**Work instruction**
Starting at the line that contains "Dieses trendige Langarmshirt", output each line exactly as written through the end of the listing below, but leave out the pictures.

*** Supplied data Section Begins ***

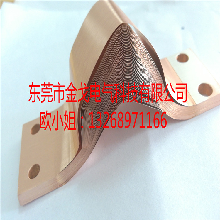 (3)釬焊是將0.03mm-0.5mm厚的銅箔疊片部分壓在一起,采用銀基釬焊料與扁銅塊對(duì)焊成型,接觸面可根據(jù)用戶要求鍍錫、銀、開(kāi)孔等
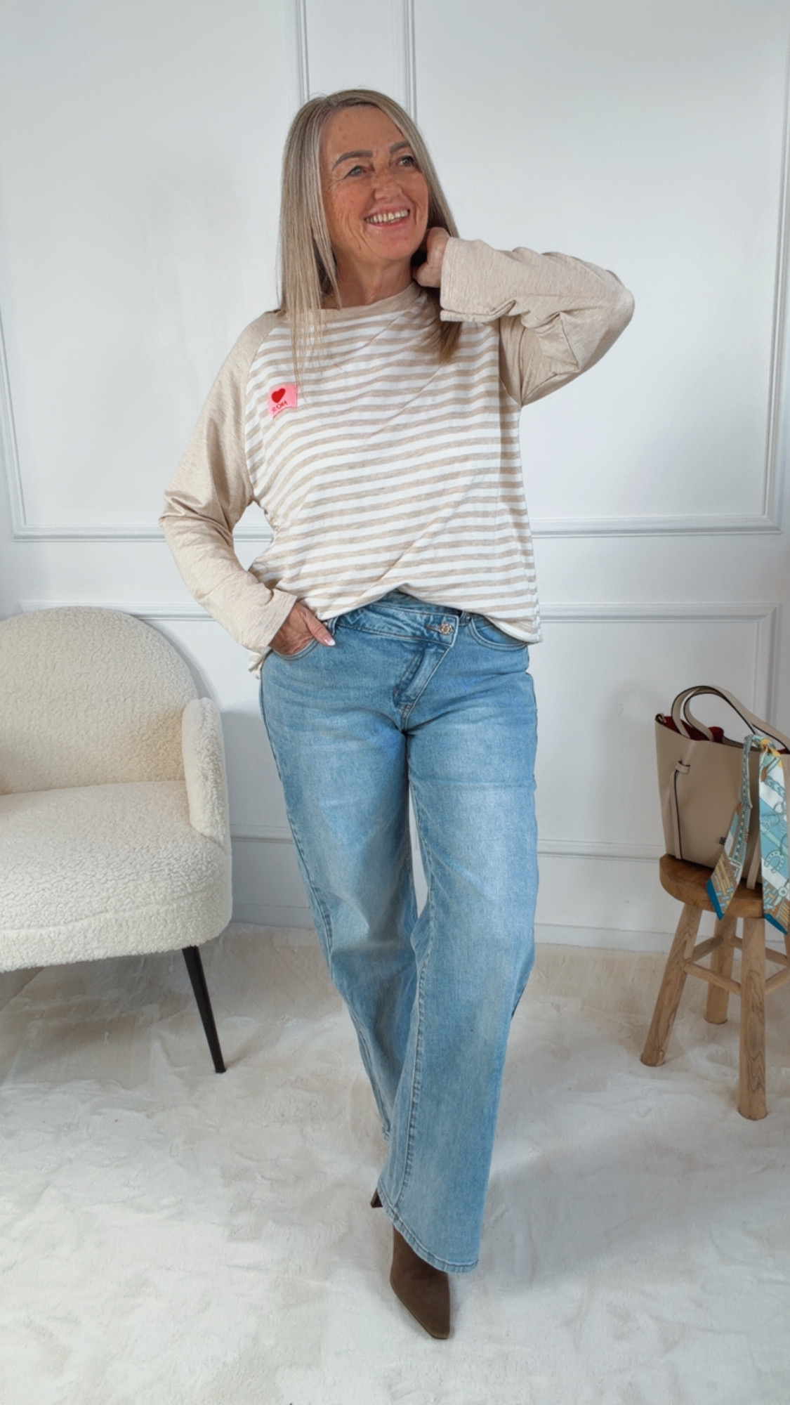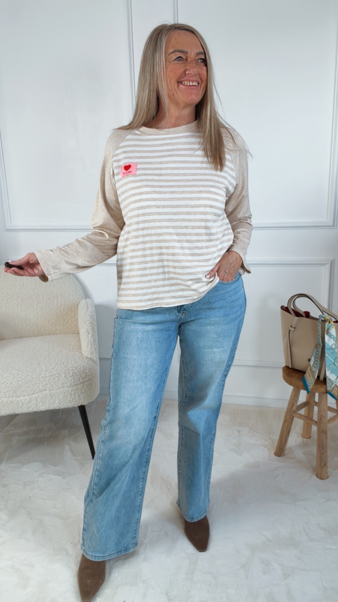 Dieses trendige Langarmshirt begeistert mit einem zeitlosen Streifen-Design und einem stilvollen „AMour“-Patch als besonderem Blickfang. Die klassische Streifenoptik verleiht dem Shirt einen modernen, maritimen Charakter, während der dekorative Patch auf Brusthöhe für eine feminine und modische Note sorgt.
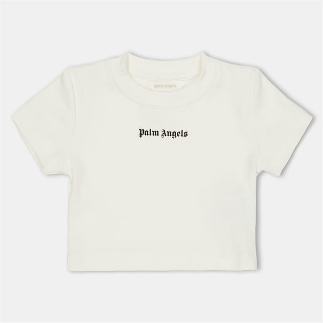 This Palm Angels cropped top features a crew neck and short sleeves, offering a regular fit. The solid pattern is complemented by a distinctive logo embellishment, adding a touch of brand identity to the design. -
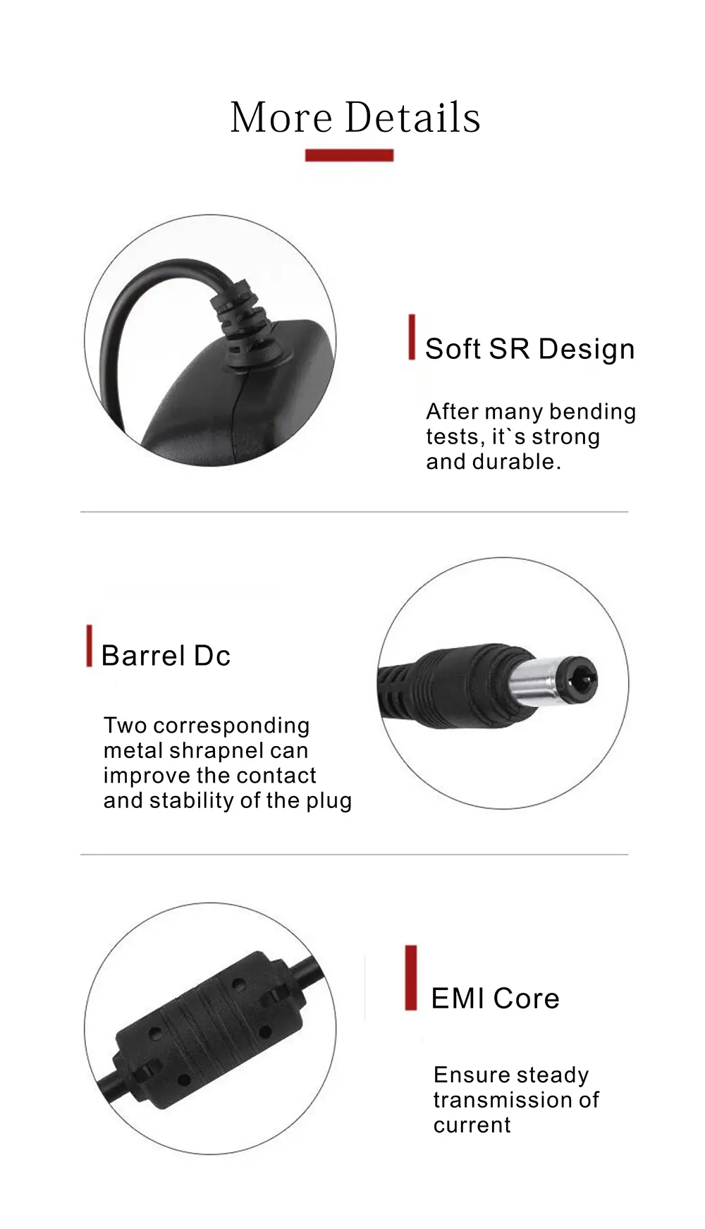 3. সংযোগকারী ফিট: প্লাগের আকার নিশ্চিত করুন (যেমন, 5.5 মিমি x 2.1 মিমি) এবং পোলারিটি (প্রায়ই কেন্দ্র-পজিটিভ) আপনার ডিভাইসের ডিসি জ্যাকের সাথে মেলে। অমিল ক্ষতির কারণ হতে পারে।
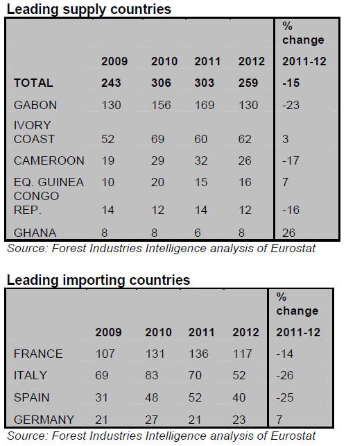 Europe¡¯s imports of tropical logs in 2012 fell substantially from all
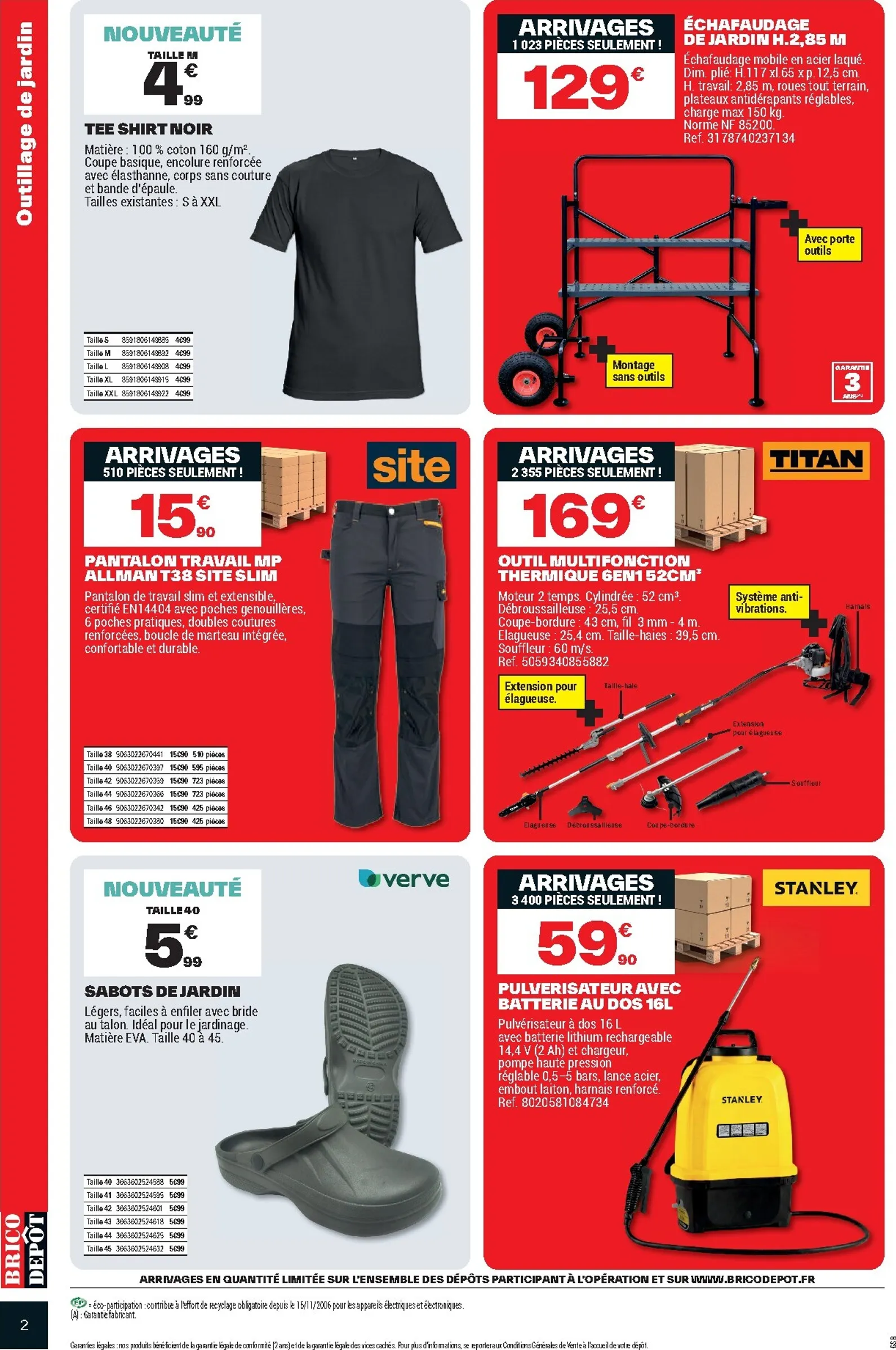 Les bricoleurs ne sont pas en reste dans ce nouveau prospectus. La mallette d’outillage Magnusson de 120 pièces est une affaire à ne pas manquer à 69,90€. Complète et robuste, elle vous accompagnera dans tous vos projets. Pour les travaux en hauteur, l’échafaudage d’une hauteur de travail de 2,85 m à 129€ assure sécurité et stabilité. Le pantalon de travail slim Allman Site à 15€ allie confort et résistance.
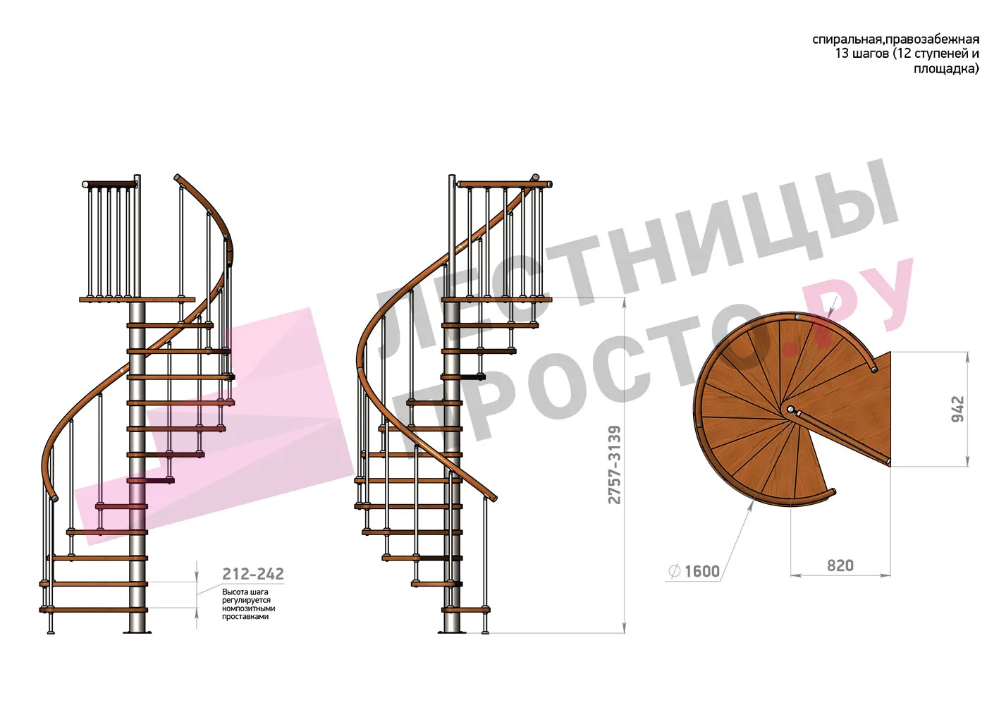Высота ступеней регулируется с шагом 3 мм. в пределах 212-242 мм., благодаря чему, лестница прекрасно подгоняется под необходимую высоту.

*** Supplied data Section Ends ***

**Exercise solution**
 Dieses trendige Langarmshirt begeistert mit einem zeitlosen Streifen-Design und einem stilvollen „AMour“-Patch als besonderem Blickfang. Die klassische Streifenoptik verleiht dem Shirt einen modernen, maritimen Charakter, während der dekorative Patch auf Brusthöhe für eine feminine und modische Note sorgt.
 This Palm Angels cropped top features a crew neck and short sleeves, offering a regular fit. The solid pattern is complemented by a distinctive logo embellishment, adding a touch of brand identity to the design. -
 3. সংযোগকারী ফিট: প্লাগের আকার নিশ্চিত করুন (যেমন, 5.5 মিমি x 2.1 মিমি) এবং পোলারিটি (প্রায়ই কেন্দ্র-পজিটিভ) আপনার ডিভাইসের ডিসি জ্যাকের সাথে মেলে। অমিল ক্ষতির কারণ হতে পারে।
 Europe¡¯s imports of tropical logs in 2012 fell substantially from all
 Les bricoleurs ne sont pas en reste dans ce nouveau prospectus. La mallette d’outillage Magnusson de 120 pièces est une affaire à ne pas manquer à 69,90€. Complète et robuste, elle vous accompagnera dans tous vos projets. Pour les travaux en hauteur, l’échafaudage d’une hauteur de travail de 2,85 m à 129€ assure sécurité et stabilité. Le pantalon de travail slim Allman Site à 15€ allie confort et résistance.
Высота ступеней регулируется с шагом 3 мм. в пределах 212-242 мм., благодаря чему, лестница прекрасно подгоняется под необходимую высоту.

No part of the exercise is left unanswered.